Résumé de l'affaire

Demande en réclamation de dommages-intérêts (203 969 $). Accueillie en partie (120 000 $). Demande reconventionnelle en réclamation d'une somme d'argent (10 867 $). Accueillie.
La demanderesse a obtenu un contrat pour la construction de 3 immeubles locatifs au Nunavut. Elle a choisi de faire préfabriquer les bâtiments par la défenderesse. La défenderesse a dessiné et conçu 345 panneaux qui devaient servir à la construction des planchers, des murs extérieurs, des murs mitoyens et des toits des immeubles. Pour des raisons de compétitivité contractuelle, la demanderesse n'a pas fait affaire directement avec la défenderesse, mais plutôt avec des sous-traitants. Elle est donc une tierce partie à ce contrat. Or, la demanderesse prétend que ces panneaux de structure préfabriqués comportent des vices cachés. Des problèmes de gauchissement et des dimensions erronées ont notamment été constatés. De plus, la finition des panneaux a été exécutée jusqu'à leur périmètre, ce qui rend impossible de les joindre les uns aux autres sans les ouvrir en partie. Ces défauts compromettaient l'étanchéité du bâtiment à l'air et ils ont dû être corrigés par la demanderesse, qui réclame 203 969 $ pour le coût des travaux correctifs. La défenderesse conteste la demande au motif que la demanderesse a omis de dénoncer les vices par écrit ainsi que de la mettre en demeure préalablement à l'exécution des travaux correctifs.

Décision

La conception et la fabrication des panneaux relèvent de l'expertise et des capacités d'exécution de la défenderesse, qui s'engageait à réaliser un ouvrage intellectuel et matériel. Faute de preuve démontrant que la valeur du bien est plus importante que les éléments indispensables à sa réalisation, il s'agit a priori d'un contrat d'entreprise plutôt que d'un contrat de vente (Gestion J.P. Brousseau inc. c. Drummond Mobile Québec inc. (C.A., 2014-01-30), 2014 QCCA 152, SOQUIJ AZ-51039351, 2014EXP-542, J.E. 2014-277). L'entrepreneur est tenu, à l'égard des biens fournis, aux mêmes garanties que le vendeur. Toutefois, le critère du caractère caché ou occulte du vice n'est pas rempli. En effet, la presque totalité des défectuosités ont pu être constatées dès la réception des panneaux. L'omission de la défenderesse de respecter ses obligations envers son cocontractant peut quand même être source de responsabilité extracontractuelle envers un tiers, soit la demanderesse (Emballages Alpha inc. c. Industries Rocand inc. (C.A., 2011-06-14), 2011 QCCA 1114, SOQUIJ AZ-50760962, 2011EXP-2001, J.E. 2011-1091).

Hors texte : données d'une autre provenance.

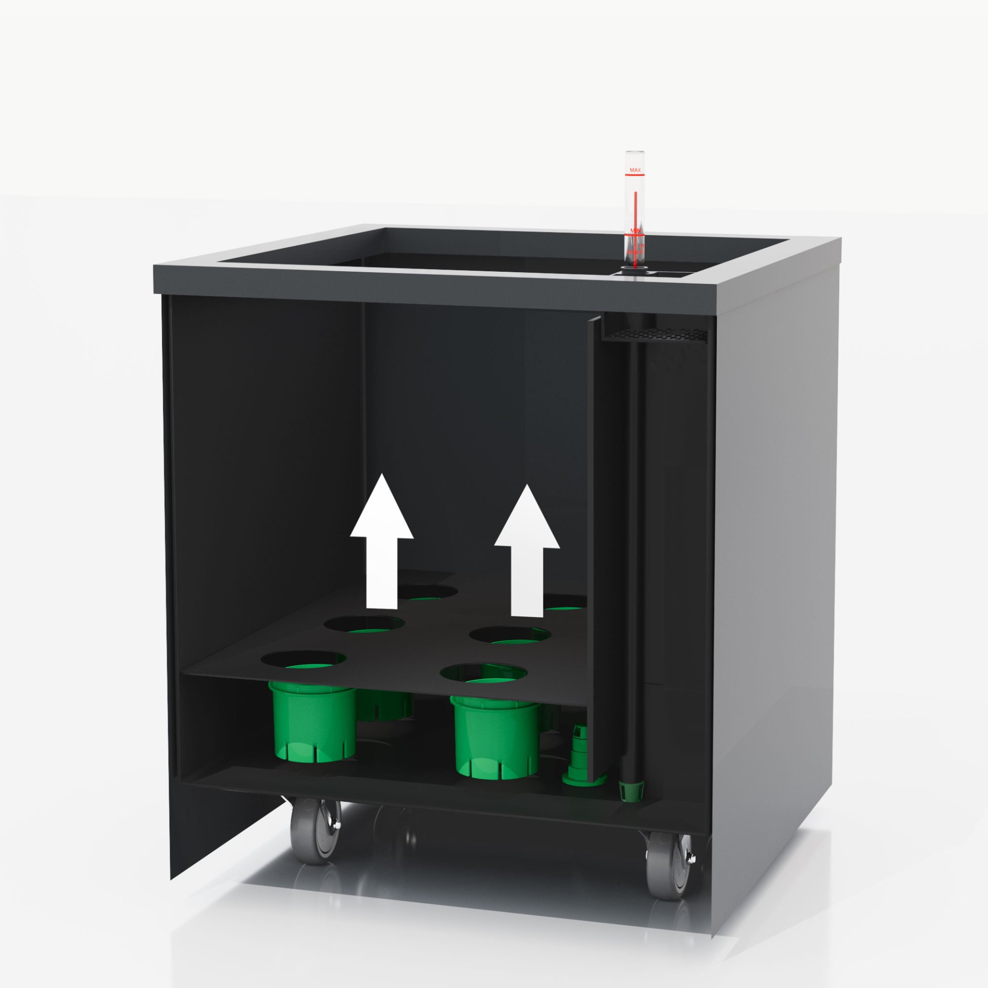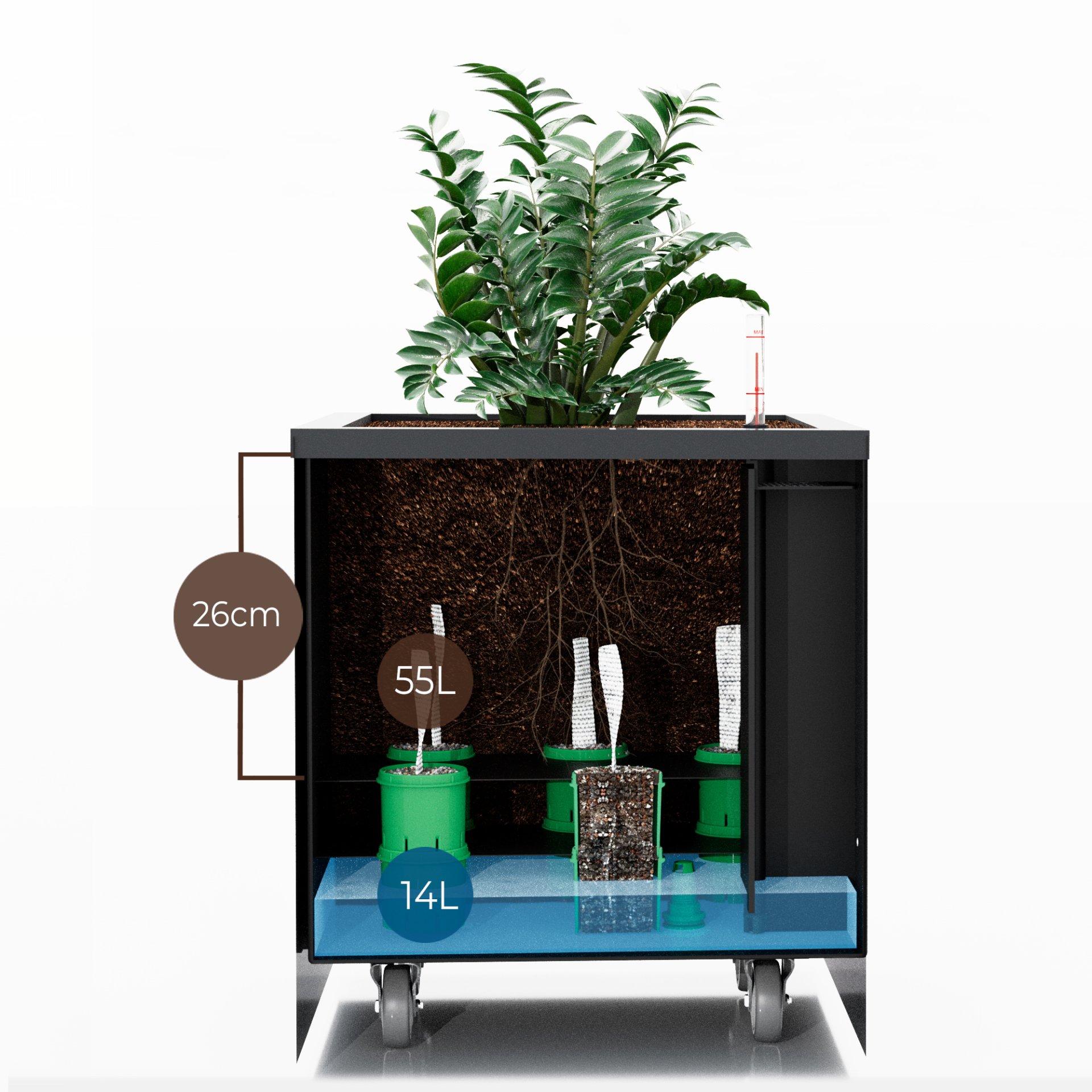 Květináč spojuje dvě základní funkce pro zdravý růst rostlin – velký objem a samozavlažovací funkci. Objem pro substrát lze upravit dle velikosti rostliny – dvě úrovně dna. Samozavlažovací funkce každého květináče je doplněna o důmyslný odtok přebytečné vody v exteriéru.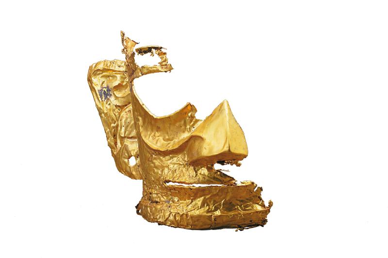 大家开始兴奋起来。到今年1月上旬,这块金箔已完全揭露出来。由于被折叠和挤压,在普通人看来,这就是一块皱巴巴的金箔,但是拥有丰富经验的省文物考古研究院专家看到后立即大胆猜测推断——这不是普通的金箔,而是一件黄金面具!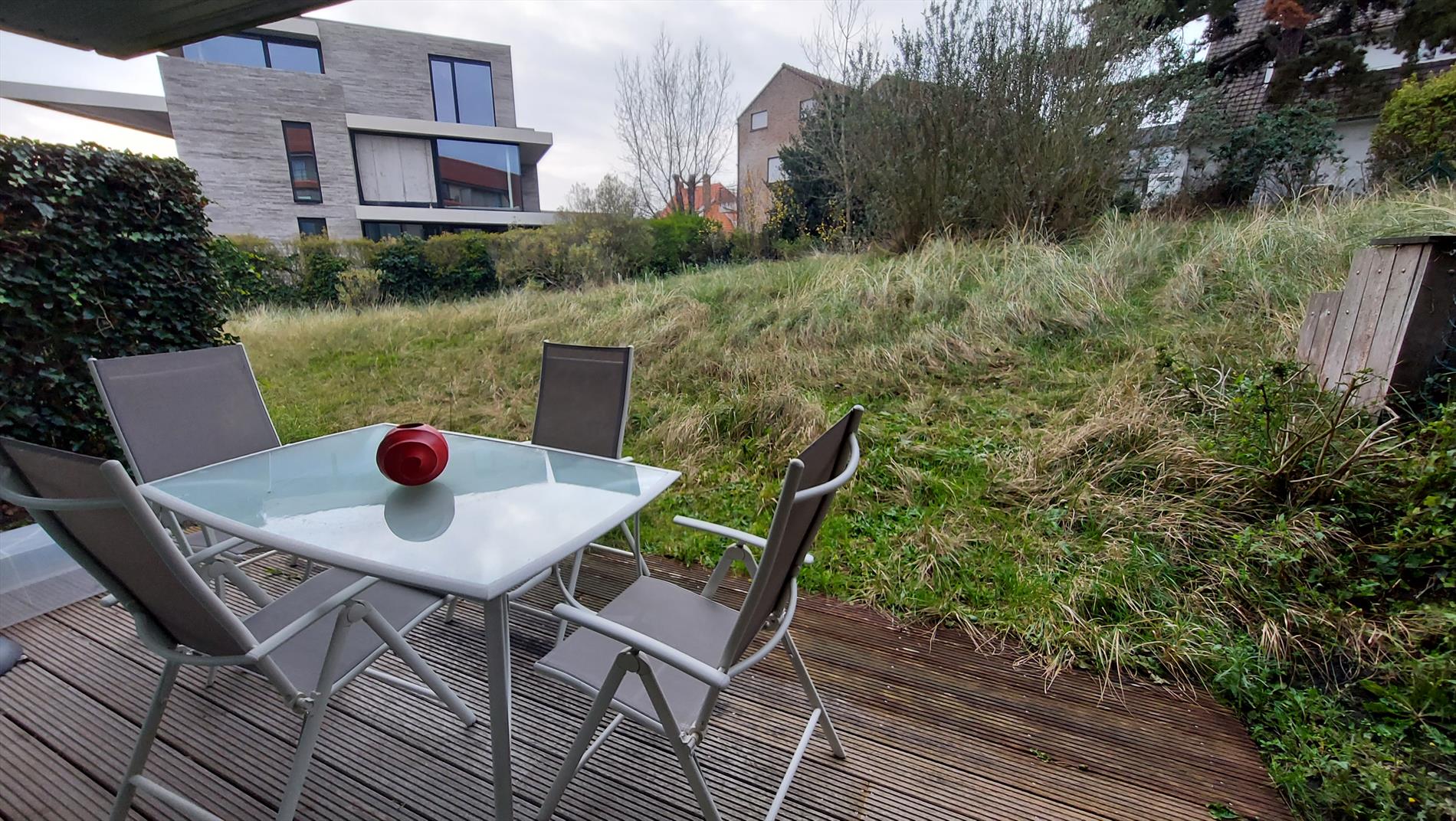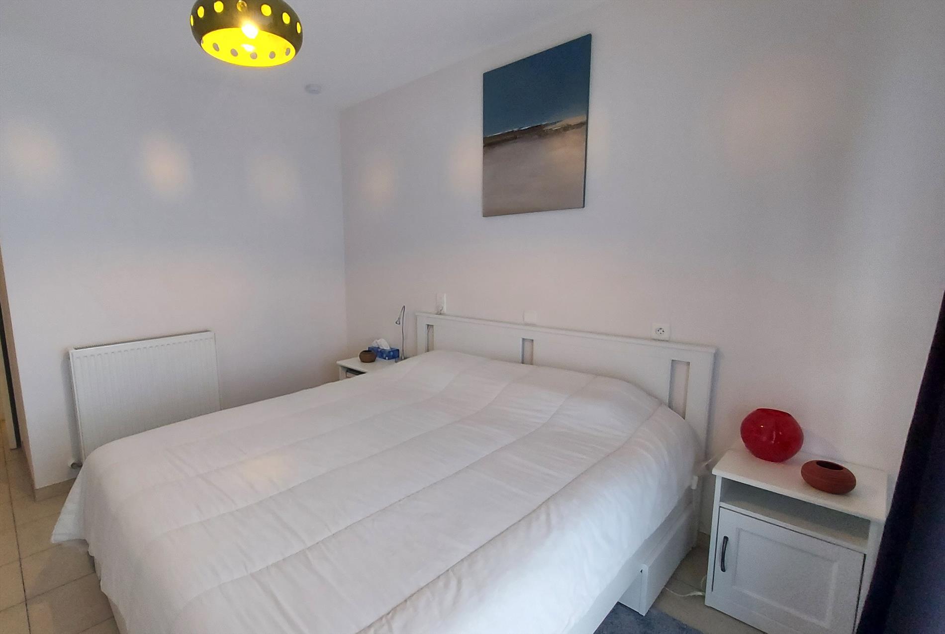 Villa flat close to the sea on the ground floor. The flat has a spacious living room with sun terrace and sofa bed, fully equipped open kitchen with combi-oven and dishwasher, separate storage room, hall, bathroom with washbasin and bathtub, separate toilet and bedroom with double bed, sleeping area with two bunk beds, terrace at the back. Shared bicycle storage is provided. Free Wifi and digital TV. Your little four-legged friend is also welcome!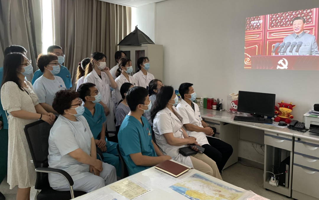 天津市天津医院党委组织班子成员,职能科室中层干部,部分支部书记等集中收看了庆祝中国共产党成立100周年大会,仔细聆听了习近平总书记发表的重要讲话。同时,医院各党支部结合工作实际以不同的形式组织收看、收听。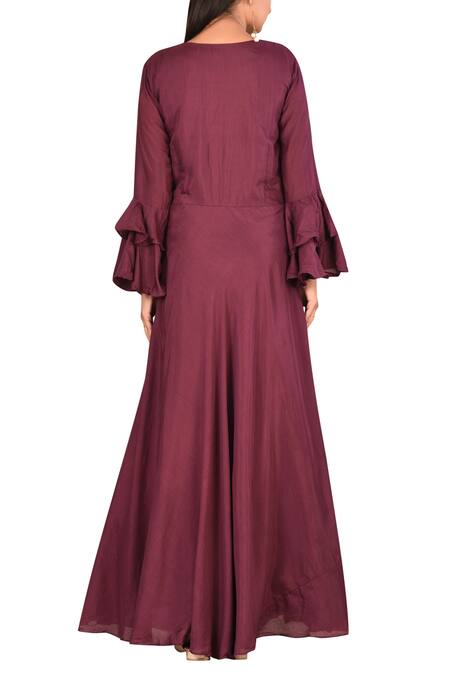 Buy_Nazaakat By Samara Singh_Wine Muslin Embroidered Anarkali_at_Aza_Fashions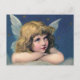 Heavenly angel daydreaming on a cloud in the sky postcard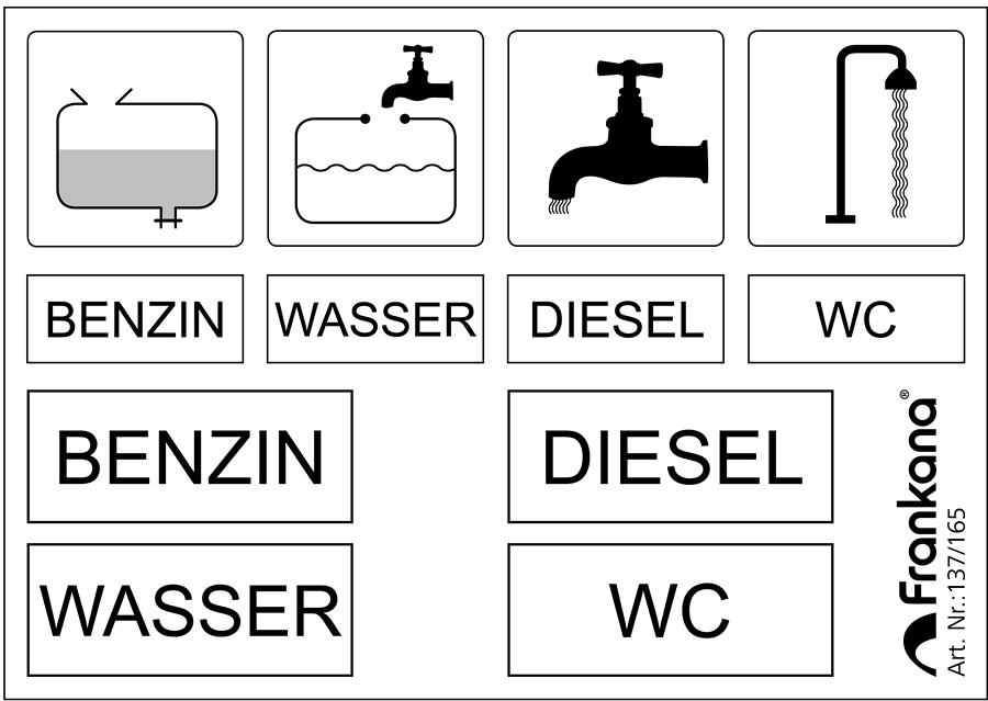 Aufkleber (Bogen DIN A6) für wichtige Symbole im Campingbereich. Abwasser, Frischwasser, Wasseranschluss, Duschwasseranschluss, Benzin, Diesel, Wasser, WC. Technische Daten: Die Piktogramme sind 35 x 35 mm Die Textschilder 50 x 20 mm und 35 x 15 mm
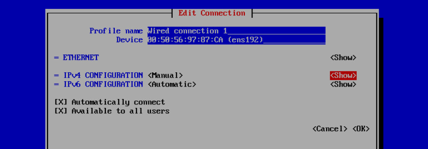 5. In the Edit Connection screen, change IPv4 CONFIGURATION to Manual, and click Show.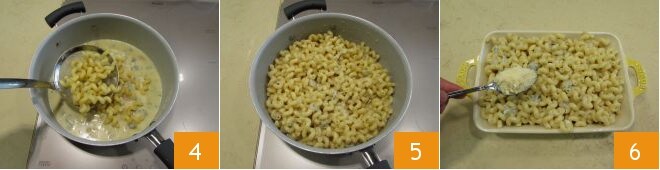 Cozinhe em fogo moderado por 2 ou 3 minutos, até obter um creme liso. Assim que a massa estiver pronta, escorra e transfira para a frigideira com o molho 4, misturando bem tudo 5. Coloque a massa em uma assadeira retangular de 26x18 cm e polvilhe com bastante Grana 6.

La preuve des défectuosités des panneaux n'est pas contredite. Leur fabrication n'est pas conforme aux usages ni aux règles de l'art. L'utilisation des panneaux n'était pas possible sans préalablement corriger les vices de conception et de fabrication. Les échanges de courriels et les discussions entre les parties étaient suffisants pour permettre à la défenderesse de saisir l'ampleur des problèmes. Il lui revenait alors de dépêcher des représentants sur les lieux et d'offrir des solutions. Ne l'ayant pas fait, elle ne peut invoquer l'insuffisance de la mise en demeure. Le chantier se situe dans le Grand Nord, dans un endroit qui n'est desservi qu'une fois par année par le transport maritime de marchandises. La demanderesse, qui avait l'obligation de réduire ses dommages, pouvait corriger elle-même les défectuosités puisqu'elle disposait des ressources nécessaires sur place. En l'absence de preuve précise quant à la valeur des travaux correctifs, le tribunal lui accorde 120 000 $.


Dernière modification : le 16 août 2022 à 12 h 51 min.